Of course, social mobility needs movement down as well as up and that is one of the reasons it's stalled now.
Fictional example:
Mary comes from a family where everyone went to elementary schools until they reached school leaving age and then they started work. Mary is the first one with the good luck to be born in the era of free secondary education. She passes the 11+ in 1960 and goes to grammar school. Her family are not all that well off (father a garage mechanic, mother a shop assistant) but they can afford the uniforms and the fares and they want their children to do well, so they seize this wonderful opportunity for Mary.
Mary works very hard and does extremely well. She stays on well past the school leaving age (15 then) and takes O levels and A levels. She now reaps the benefit of the other huge change in education and goes to medical school - no tuition fees to pay, generous maintenance grants. In due course she becomes a consultant obstetrician and marries John, who has had similar good fortune in the education system (father a miner, mother a cleaning lady - John has qualified as a solicitor).

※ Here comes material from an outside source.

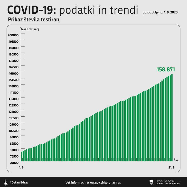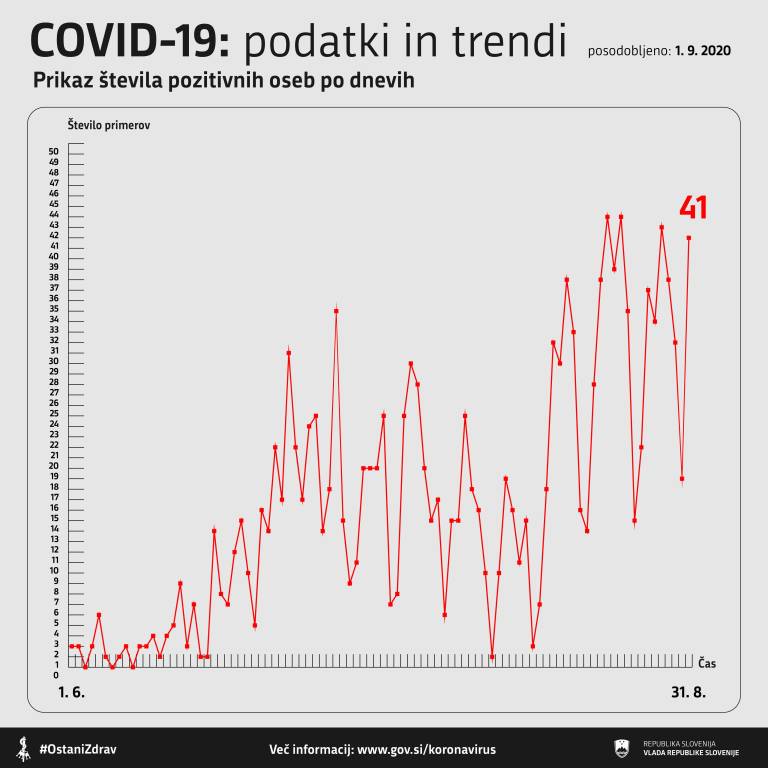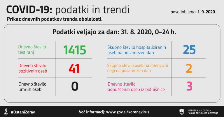 V Sloveniji so včeraj, 31. avgusta, opravili 1415 testiranj na novi koronavirus. Potrdili so 41 novih okužb.
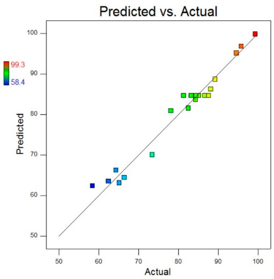 A comparison of actual values and predicted values for MB removal (%) is illustrated in Figure 13 that was used to detect the values that were not detected by the designed model. This comparative plot explains the overall pros of our fitted model in terms of statistical analysis and absolute residual minimisation. It was observed that the experimental values were very close to the normal distribution line, indicating a good fit of the model. The normal probability plot of residuals for raw residuals, internally studentised residuals and externally studentised residuals regarding MB degradation, is illustrated in Figure 14 that explained the relationship of experimental data with the standardised normal distribution, whereas the plot between residuals and experimental run order for raw residuals, internally studentised residuals and externally studentised residuals regarding MB degradation is presented in Figure 15, respectively. These graphs explained the lurking factors that influenced the response during experimentation. The optimal design points on the basis of Table 2 and Equation (4) are 15 g ZnCl2, 10 g NaOH and 60 min sonication time.

John and Mary have a daughter, Claire, born in 1989. They choose to live in Inner London because it's convenient for work. However, it's not so good schoolwise. They send Claire to private schools all the way through. Claire is not as high-achieving as either of her parents, nor as driven. They pay for her to have private tuition so she can keep up. She gets reasonably good GCSEs and A levels and finally gets into a Russell Group university where she studies English and has a lovely time. When she graduates with a 2.1 (just), her parents fund her through a gap year travelling, and then a series of unpaid internships and low-paid jobs until she is finally able to get a job in publishing when she is 24.
Now, this is fictional, but there are lots of people like John and Mary. They have (entirely understandably) done their level best to keep Claire from falling down the social ladder. But the inevitable result of that is that their own counterparts in Claire's generation don't get the opportunities that they had a generation ago.
The Sutton Trust is doing its best to draw attention to this kind of thing. The middle classes have a stranglehold on the best state schools. It is a lot harder now for children from poor families to move up the ladder than it was 40 years ago. This is depressing.